I received the following from RIPE technical support:

The IP that you mentioned has been automatically marked for
permanent query denial due to excessive querying activity
originating from it, even after it has been repeatedly
temporarily denied.

There is a limit of objects that can be retrieved for a given
time period. This limit is ONLY in effect for person or role
data. This is because of the privacy restrictions on said data -
it contains information such as e-mail and phone contact that may
be sensitive.

In order to query the database without viewing such data, please
use the "nonrecursive" option to the query. This will return
only the actual records, rather than also returning the contact
information.

This is specified with the "-r" flag.

So, it seems like tools querying RIPE must specify the "-r" flag. I wrote a patch to the python ipwhois library, which you can review on GitHub. With this patch, you can specify get_recursive=False:

>>> IPWhois("145.64.254.243").lookup_whois(inc_raw=True, get_recursive=False)

This removes the "recursive" lookups from the query response.
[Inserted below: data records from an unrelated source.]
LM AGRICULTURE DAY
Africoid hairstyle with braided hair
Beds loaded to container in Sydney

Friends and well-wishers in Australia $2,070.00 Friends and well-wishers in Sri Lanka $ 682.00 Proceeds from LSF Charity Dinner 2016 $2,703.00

It means we no longer get the "organization", "role", or "person" details. Here is an example of the raw response:

% This is the RIPE Database query service.
% The objects are in RPSL format.
%
% The RIPE Database is subject to Terms and Conditions.
% See http://www.ripe.net/db/support/db-terms-conditions.pdf

% Note: this output has been filtered.
%       To receive output for a database update, use the "-B" flag.
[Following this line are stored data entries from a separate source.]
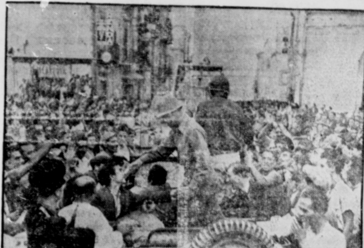
PALERMO, SICILY —Their faces bright with joy, friendly Sicilians mob an army vehicle, anxious to shake hands with some of the Yanks who freed their homeland from the clutches of the Fascist foe. Cheering, grateful crowds like this greeted our doughboys as they rolled through captured towns throughout Sicily.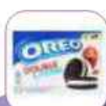
OREO DOUBLE CREAM 170GR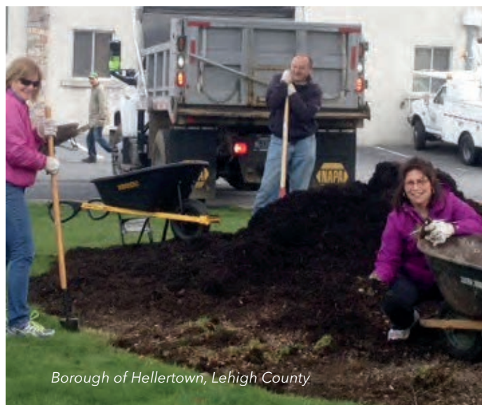
Borough of Hellertown, Lehigh County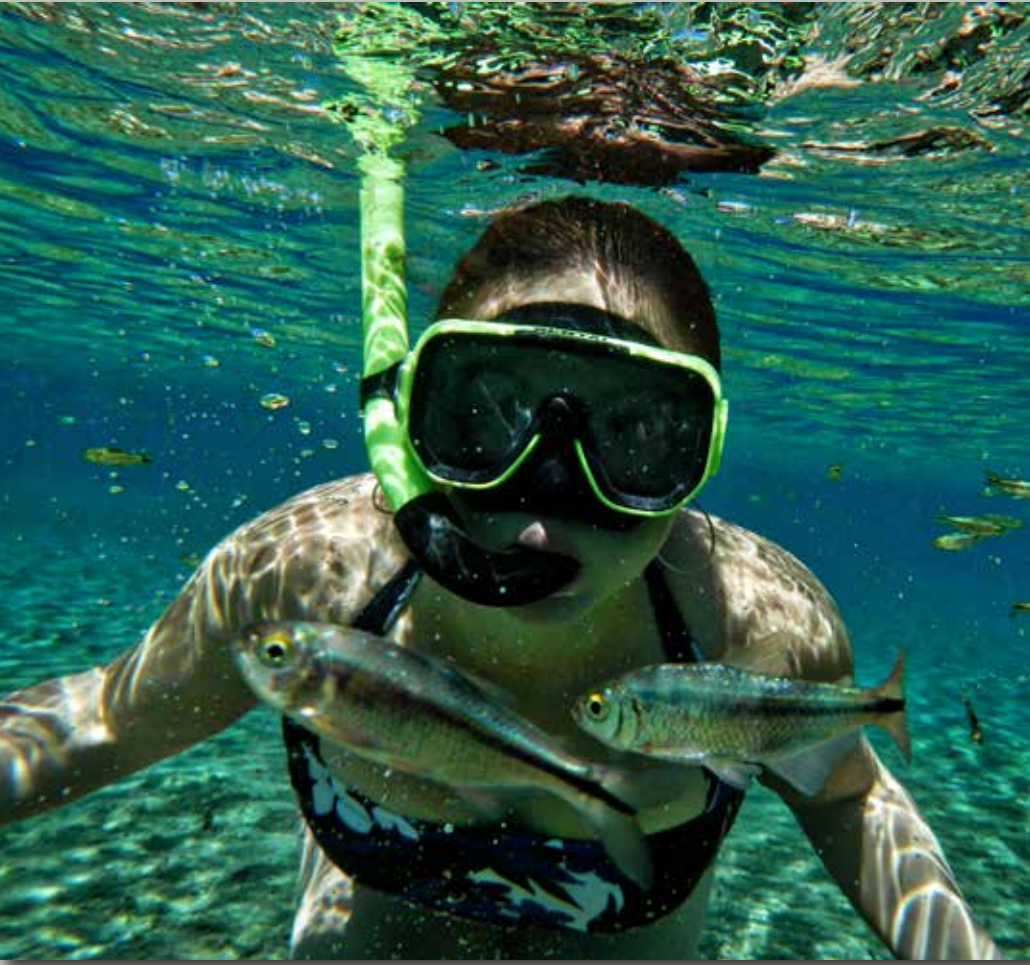
Snorkeling in the spring-fed pool at Balmorhea State Park.

The Civilian Conservation Corps built Balmorhea State Park around San Solomon Springs in the 1930s. Water gushing from San Solomon Springs fills the pool at Balmorhea State Park, then flows downstream through restored wetlands and canals in the park and beyond. Not only does the water refresh hot, dusty visitors, it is also home for several rare and endangered species. The pool is up to 25 feet deep and covers 1.3 acres; it is one of the world’s largest swimming pools. The water temperature stays at 72 to 76 degrees year-round.

% Information related to \'145.64.0.0 - 145.64.255.255\'

% Abuse contact for \'145.64.0.0 - 145.64.255.255\' is \'wherler@epo.org\'

inetnum:        145.64.0.0 - 145.64.255.255
netname:        EPONET
org:            ORG-EPO5-RIPE
descr:          European Patent Office
descr:          P.O. Box 5818
descr:          2280 HV  Rijswijk
country:        NL
admin-c:        NdR9-RIPE
admin-c:        ENA7-RIPE
tech-c:         ENS6-RIPE
status:         LEGACY
mnt-by:         EPO-MNT
mnt-by:         RIPE-NCC-LEGACY-MNT
created:        1970-01-01T00:00:00Z
last-modified:  2020-08-28T09:51:50Z
source:         RIPE

% Information related to \'145.64.254.0/24AS28756\'

route:          145.64.254.0/24
descr:          European Patent Office
origin:         AS28756
mnt-by:         EPO-MNT
created:        2019-06-26T13:23:13Z
last-modified:  2019-06-26T13:23:13Z
source:         RIPE

% This query was served by the RIPE Database Query Service version 1.98 (BLAARKOP)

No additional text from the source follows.